Securities Arbitration Advice
Securities arbitration is a difficult subject depending on the circumstances. I prefer not to give specific legal advice. But, I can say something for when a company is facing an arbitration about a securities-related claim.
The first thing I would do is protect all the data that’s out there. I would freeze all the data or electronically-stored information. Then I would sequester it in a place where the chain of custody is not interrupted, to make sure to delete nothing. You could have some important information there. It could be important to a claim or defense and the business should maintain that.
The second thing I’d do is seek excellent counsel to assist the business owner further. In particular, about what arbitration means. About the consequences of an arbitration. Also, selecting an arbitration, the arbitrator, and that whole process. Which you could write books about, because it’s an interesting science.
Defending an Allegation
How to proceed with prosecuting or defending an allegation and arbitration is unique. That is because it’s a formal process but it also has some expedited dynamics.

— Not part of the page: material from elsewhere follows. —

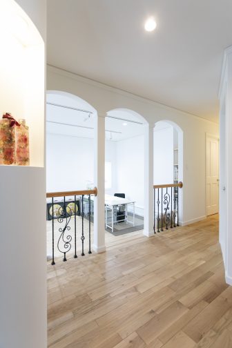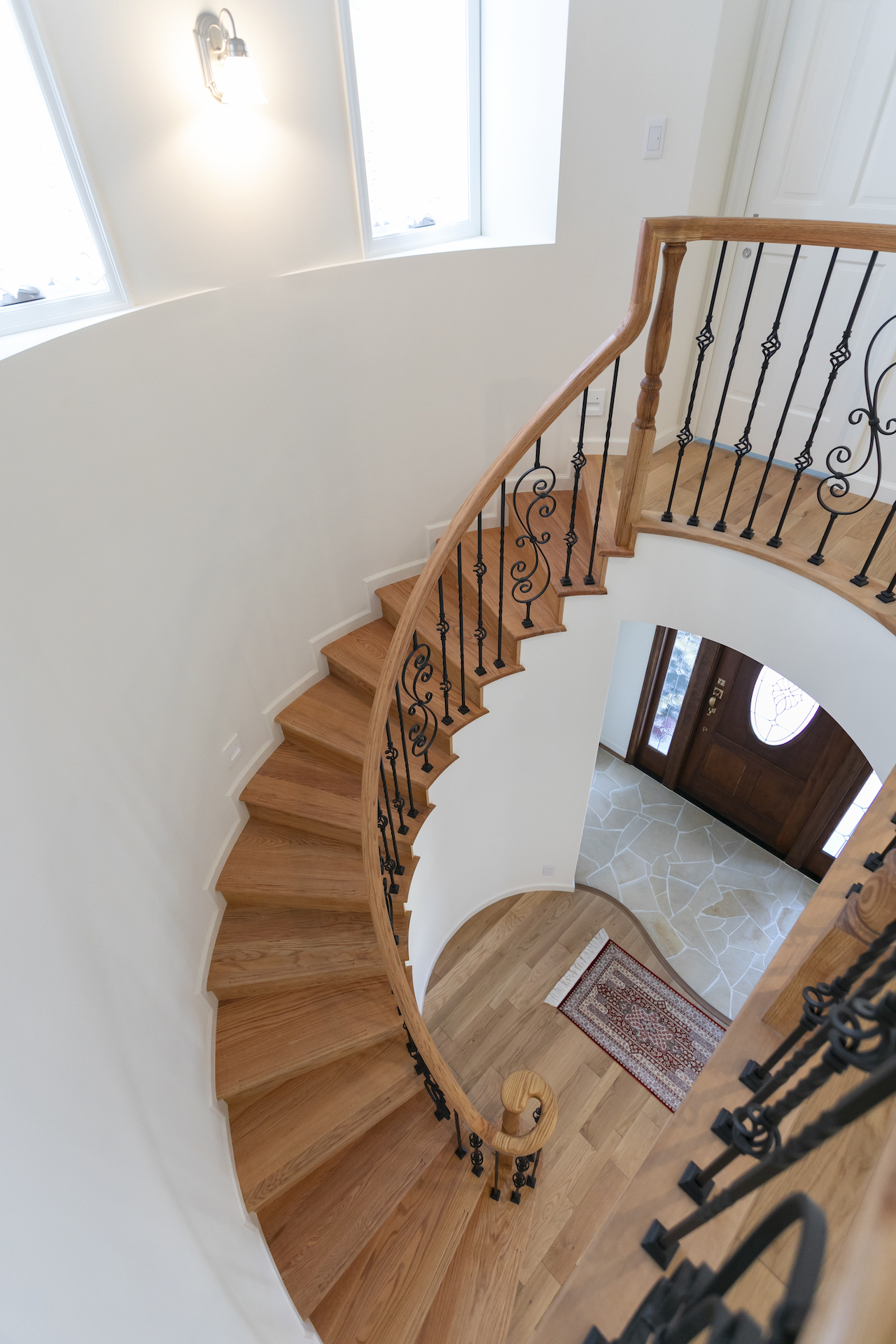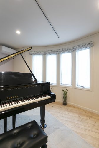 防音室と吹抜け螺旋階段のある、画家とピアニストの白亜の邸宅

It also depends on the type of forum you’re in, whether it’s before the AAA or JAMS or FINRA. There’s a lot of analysis and decision making that needs to happen. That’s why an important relationship between the CEO and her or his legal advisor is critical.
Sometimes you must decide whether to go into or opt out of an arbitration proceeding. You may attempt to prosecute or defend a claim in state or federal court or any court for that matter. That’s an important, critical decision. You should analyze this in turn with your legal advisor. There’s a lot of different factors to consider. Some of those factors, without being exhaustive or providing specific advice, would be:
- The nature of the claim
- Whether the forum would be friendly to that claim
Defense Claims are Better for Arbitration
There’s a connotation that defense claims are better for arbitration. That is because arbitrators are more conservative than juries, for example. There’s also the fact that going to court instead of arbitration would be more expensive. It would be more time-consuming than an arbitration. There’s another stereotype that arbitrators are more intelligent triers of fact than juries. That’s not always the case.
There is some specific analysis and decision-making that you should do with your legal advisor. In my experience, when I’ve had to face that with a client, it’s a long process. That is because you are deciding all the consequences that arise out of going to arbitration. Or you are trying to resist arbitration and then figuring out what to do in light of that analysis.
Improving the Speed of Securities Arbitration
Here is some advice on handling securities cases in arbitration. One area that there could be an improvement is the speed of getting arbitration. It should be set on a calendar and expediting arbitration. The whole purpose of arbitration is to have a neutral fact-finder render a decision. This must happen in a manner as expedient and as cost-effective as possible.
It’s generally true that arbitration is faster than court proceedings. Yet, sometimes arbitration can get bogged down. In particular because of scheduling or cost issues. In my view, a way to hurry that process as much as possible benefits all parties. That is true whether it’s the defendant or the plaintiff in that type of a case.